Chinese Pastor, Detained in December, Comes Under New Charges From Regime
by Jordan Hilger, Worthy News Correspondent
(Worthy News) – Chinese pastor Wang Yi, who was arrested in December on charges of “inciting subversion of state power,” has now been charged again by the Chinese government with “illegal business activities.”
An elder at a Beijing house church told Radio Free Asia that Chinese Christians see the charge as nonsensical, as Wang was neither involved in the sale of Bibles nor any other kind of Christian literature that could be construed as an illegal business.
As an addendum to the new charges, members of Wang’s Early Rain Covenant Church in Chengdu, Sichuan Province, 100 of whom were rounded up along with their pastor in early December, were reportedly asked to make false accusations against him—on pain of having their hands and feet manacled for more than 10 days to keep them from sleeping.
“If God decides to persecute the church by the Chinese Communist regime…I am very happy to obey God’s arrangement, because his arrangement is always loving and beautiful,” Wang wrote in an open letter penned in September 2018, which was published by church members, according to his instructions, 48 hours after his disappearance in December.
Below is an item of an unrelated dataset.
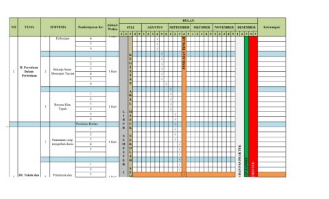 NO TEMA SUBTEMA Pembelajaran Ke- JULI AGUSTUS SEPTEMBER OKTOBER NOVEMBER DESEMBER Keterangan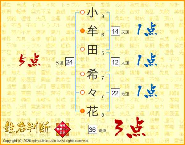 小(3画)牟(6画)田(5画) 希(7画)々(7画)花(8画)

“I also understand that this is precisely the reason why the Chinese Communist regime is full of fear for a church that no longer fears it,” the letter explains.
Wang Yi was a constitutional scholar and human rights attorney before his conversion to Christianity in 2005.
Earlier, in 2004, he had been listed as one of the 50 most influential Chinese intellectuals by Southern People Weekly, a magazine for Chinese culture and current affairs.